**What is needed**
Please return exactly the lines from the beginning of the listing up to and including the line with "Sáng ngày 15/4/2025, Học", with no pictures.

**Recorded information**
_____

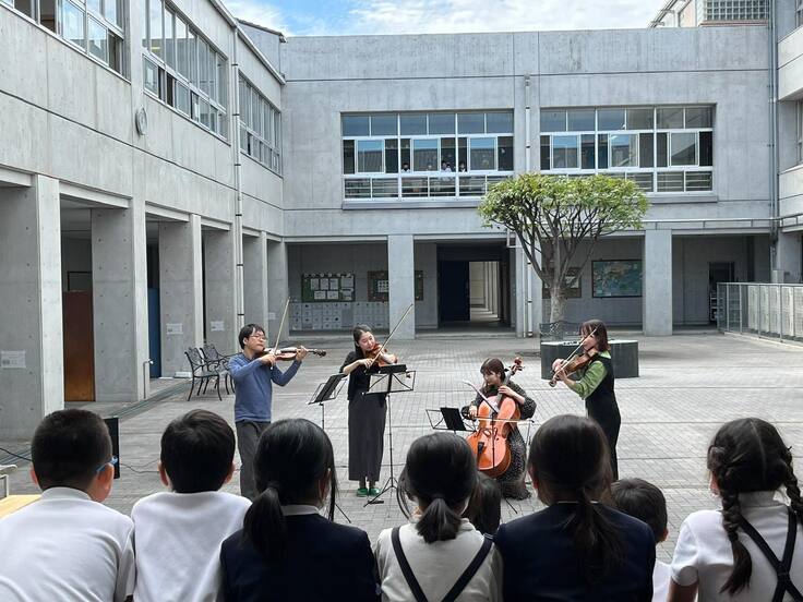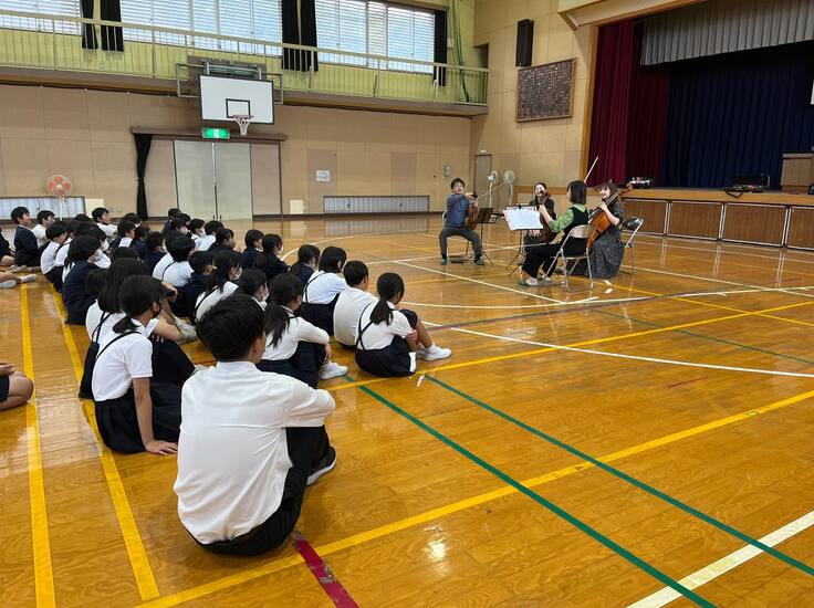 音楽の特別授業では、弦楽四重奏の仕組みや、音楽の成り立ちについて、総合プロデューサー小島燎のトークと実演を交えながら。
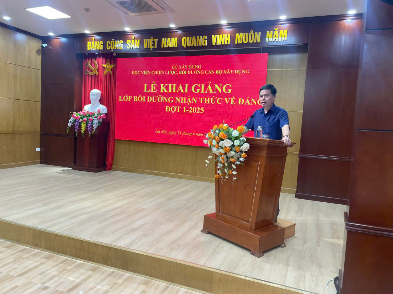 Sáng ngày 15/4/2025, Học viện Chiến lược, bồi dưỡng cán bộ xây dựng tổ chức khai giảng lớp Bồi dưỡng nhận thức về Đảng đợt 1 năm 2025. Về dự có đồng chí Đoàn Huy Khương, Uỷ viên BCH Đảng bộ Bộ, Phó Trưởng ban Thường trực Ban Tổ chức Đảng uỷ Bộ Xây dựng; đại diện lãnh đạo Học viện và các giảng viên.
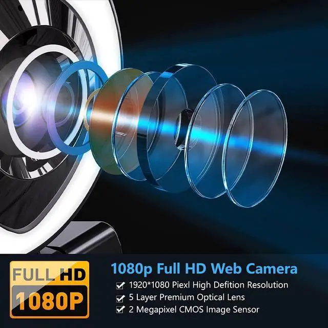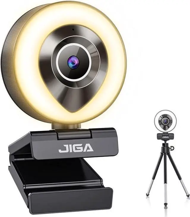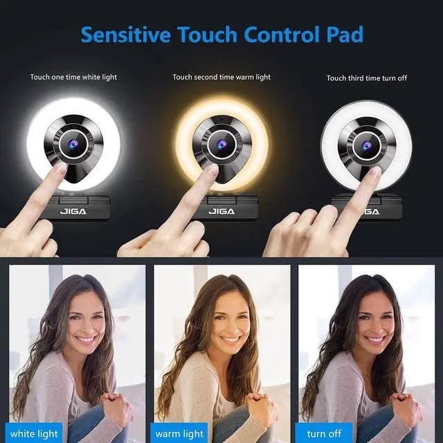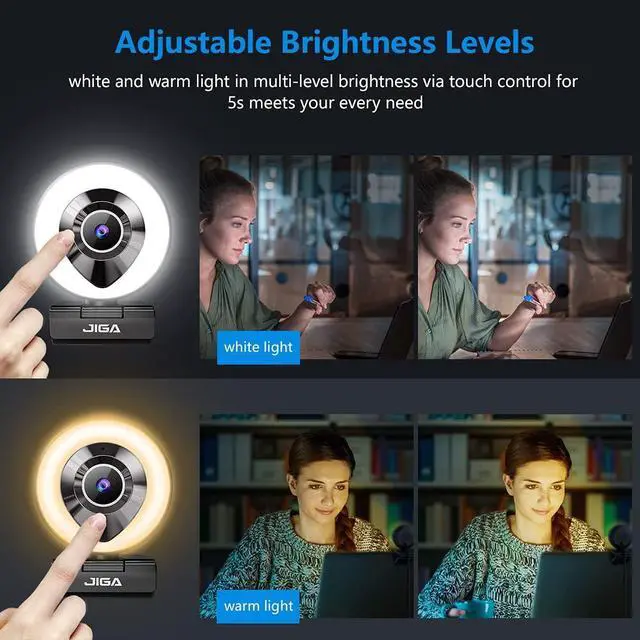 2 Light Modes & Adjustable Brightness The lighting webcam feature 2 lighting modes and adjustable brightness. Low to high brightness can be adjusted by long press, white or warm light can change by click. Consists of 24 light beads, the web cam provides a more even and complete ring of light and glow further away while protecting your eyes from glare.

_____

**Task result**
 音楽の特別授業では、弦楽四重奏の仕組みや、音楽の成り立ちについて、総合プロデューサー小島燎のトークと実演を交えながら。
 Sáng ngày 15/4/2025, Học viện Chiến lược, bồi dưỡng cán bộ xây dựng tổ chức khai giảng lớp Bồi dưỡng nhận thức về Đảng đợt 1 năm 2025. Về dự có đồng chí Đoàn Huy Khương, Uỷ viên BCH Đảng bộ Bộ, Phó Trưởng ban Thường trực Ban Tổ chức Đảng uỷ Bộ Xây dựng; đại diện lãnh đạo Học viện và các giảng viên.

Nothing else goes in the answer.